The study was conducted in the United States. Results may not generalize to other countries, such as countries with stricter laws and less favorable views of substance use or vice versa.
The survey was conducted at one time point. This study design prevents the researchers from being able to conclude that the associations between preferences for abstinence-based recovery and greater stigma towards substances is casual.
Given effects that were small in magnitude (despite statistical significance, a function of the study’s larger sample size), it is unclear to how these results may actually translate into real-world relationships between prioritizing different elements of recovery and stigma.
BOTTOM LINE
Being more likely to define recovery foremost as no use of any substances was generally associated with greater stigma towards individuals with current active substance use disorder who are still using the substance, though the magnitude of differences were small. That said, such small effects, at scale may make a major difference. It is possible that policies which promote recovery as taking many forms including reduced use, and involving several dimensions of personal growth and well-being could reduce stigma, but more research is needed given the specific design elements of the current study.

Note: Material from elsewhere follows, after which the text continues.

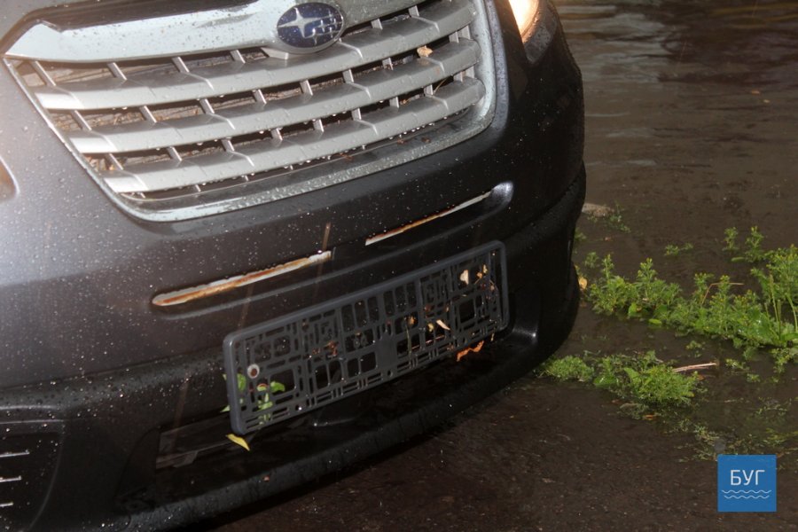 З машин, котрі були припарковані на вулиці потоки позривали номерні знаки, а біля приміщення суду створився затор з машин, які потрапилши у водяну пастку.

For individuals and families seeking recovery: Describing recovery as taking many forms and involving several dimensions of personal growth and well-being could reduce public stigma, but more research is needed.
For treatment professionals and treatment systems: Describing recovery as taking many forms and involving several dimensions of personal growth and well-being could reduce public stigma, which would ultimately increase the number of people receiving care, but more research is needed.
For scientists: Studies like these which examine the contributors and nature of public stigma toward individuals with substance use disorder are important to informing policies and campaigns that can help to reduce this stigma and ultimately increase access to treatment and recovery support services. Future work that employs stronger empirical measures of the constructs at hand, while also controlling for potential confounders, would help build on this well-intentioned, but limited study.
For policy makers: Describing recovery as taking many forms and involving several dimensions of personal growth and well-being could reduce public stigma, which would ultimately increase the number of people receiving care, but more research is needed.